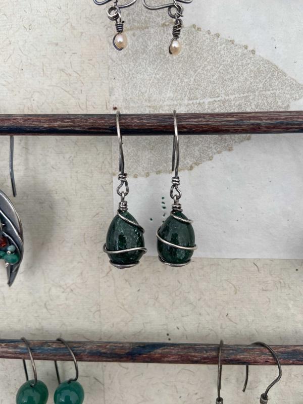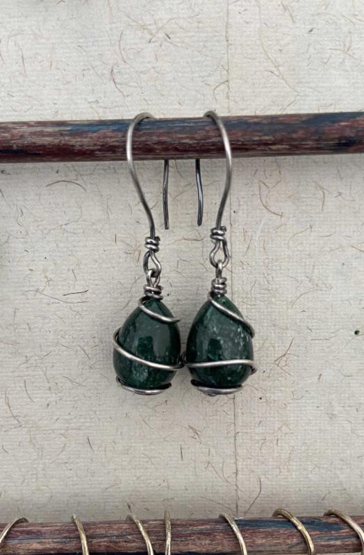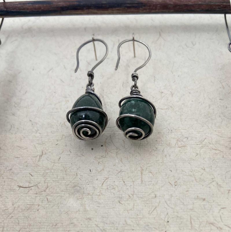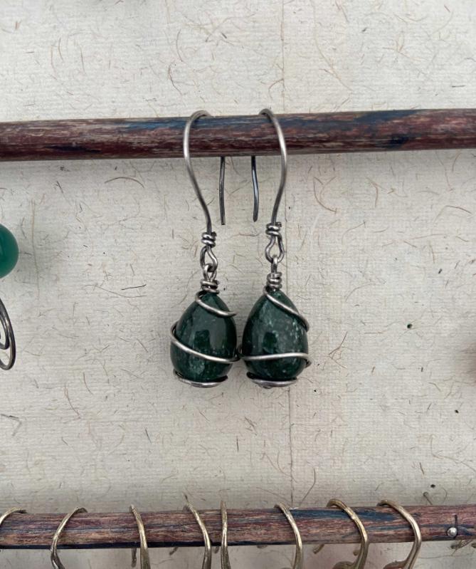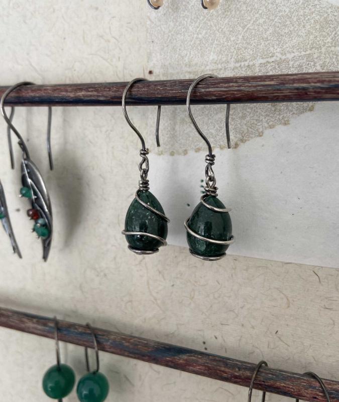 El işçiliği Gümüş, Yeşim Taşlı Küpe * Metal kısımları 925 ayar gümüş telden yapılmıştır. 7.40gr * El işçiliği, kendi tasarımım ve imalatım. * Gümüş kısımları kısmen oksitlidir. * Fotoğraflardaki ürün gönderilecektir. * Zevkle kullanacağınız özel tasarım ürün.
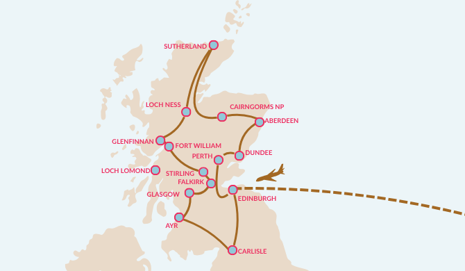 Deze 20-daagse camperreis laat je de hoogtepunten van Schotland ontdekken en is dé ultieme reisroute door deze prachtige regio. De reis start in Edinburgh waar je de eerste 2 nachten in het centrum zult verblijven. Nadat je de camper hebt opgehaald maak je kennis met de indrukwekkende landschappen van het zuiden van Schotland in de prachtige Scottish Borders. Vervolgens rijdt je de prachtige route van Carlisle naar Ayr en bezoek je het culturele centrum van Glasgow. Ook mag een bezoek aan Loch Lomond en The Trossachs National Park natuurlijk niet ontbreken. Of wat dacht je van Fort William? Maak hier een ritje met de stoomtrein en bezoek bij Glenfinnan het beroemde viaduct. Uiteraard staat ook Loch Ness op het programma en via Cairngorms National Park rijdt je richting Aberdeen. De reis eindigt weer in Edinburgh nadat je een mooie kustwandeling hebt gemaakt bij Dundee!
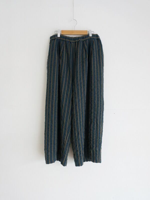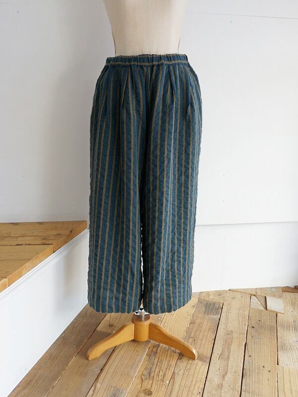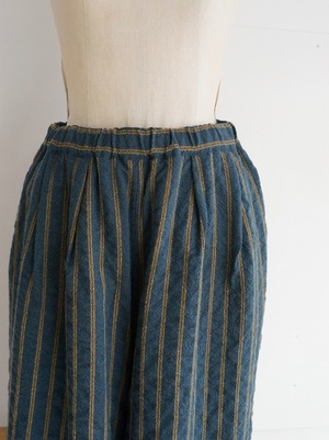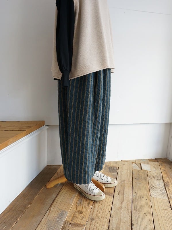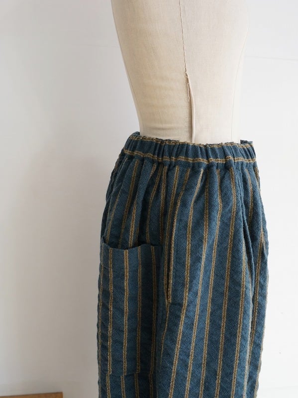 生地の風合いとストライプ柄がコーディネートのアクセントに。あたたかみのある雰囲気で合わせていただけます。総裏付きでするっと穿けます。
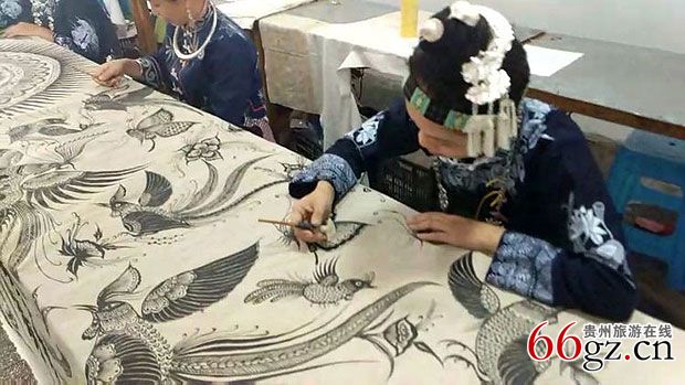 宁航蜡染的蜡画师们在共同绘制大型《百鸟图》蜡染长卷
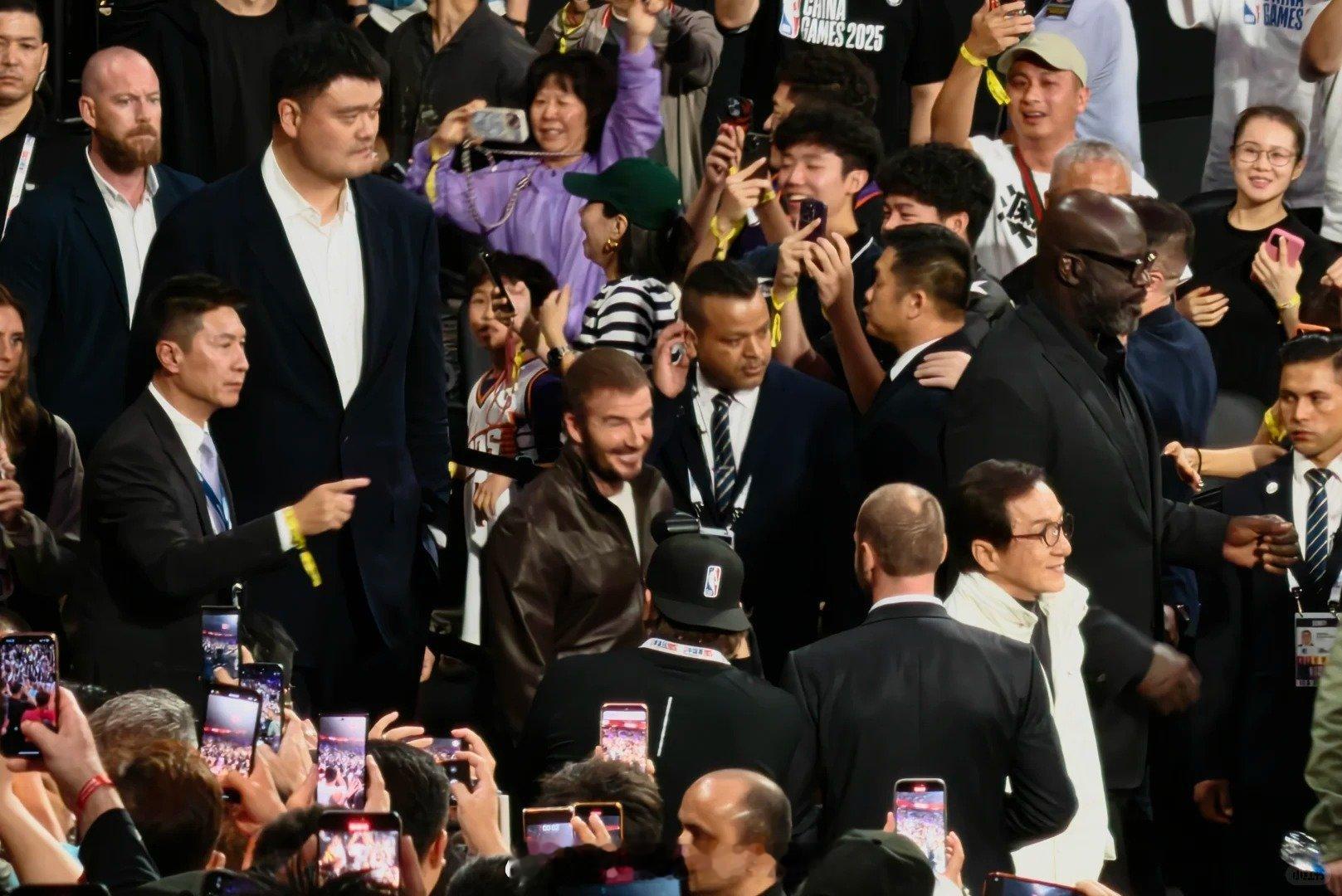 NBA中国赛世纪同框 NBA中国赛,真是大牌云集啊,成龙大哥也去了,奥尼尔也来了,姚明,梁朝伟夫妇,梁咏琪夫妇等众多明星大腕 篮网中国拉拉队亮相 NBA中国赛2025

### What needs to be done:
In your copy, repeat each record exactly and include no pictures.

### Written reply:
 El işçiliği Gümüş, Yeşim Taşlı Küpe * Metal kısımları 925 ayar gümüş telden yapılmıştır. 7.40gr * El işçiliği, kendi tasarımım ve imalatım. * Gümüş kısımları kısmen oksitlidir. * Fotoğraflardaki ürün gönderilecektir. * Zevkle kullanacağınız özel tasarım ürün.
 Deze 20-daagse camperreis laat je de hoogtepunten van Schotland ontdekken en is dé ultieme reisroute door deze prachtige regio. De reis start in Edinburgh waar je de eerste 2 nachten in het centrum zult verblijven. Nadat je de camper hebt opgehaald maak je kennis met de indrukwekkende landschappen van het zuiden van Schotland in de prachtige Scottish Borders. Vervolgens rijdt je de prachtige route van Carlisle naar Ayr en bezoek je het culturele centrum van Glasgow. Ook mag een bezoek aan Loch Lomond en The Trossachs National Park natuurlijk niet ontbreken. Of wat dacht je van Fort William? Maak hier een ritje met de stoomtrein en bezoek bij Glenfinnan het beroemde viaduct. Uiteraard staat ook Loch Ness op het programma en via Cairngorms National Park rijdt je richting Aberdeen. De reis eindigt weer in Edinburgh nadat je een mooie kustwandeling hebt gemaakt bij Dundee!
 生地の風合いとストライプ柄がコーディネートのアクセントに。あたたかみのある雰囲気で合わせていただけます。総裏付きでするっと穿けます。
 宁航蜡染的蜡画师们在共同绘制大型《百鸟图》蜡染长卷
 NBA中国赛世纪同框 NBA中国赛,真是大牌云集啊,成龙大哥也去了,奥尼尔也来了,姚明,梁朝伟夫妇,梁咏琪夫妇等众多明星大腕 篮网中国拉拉队亮相 NBA中国赛2025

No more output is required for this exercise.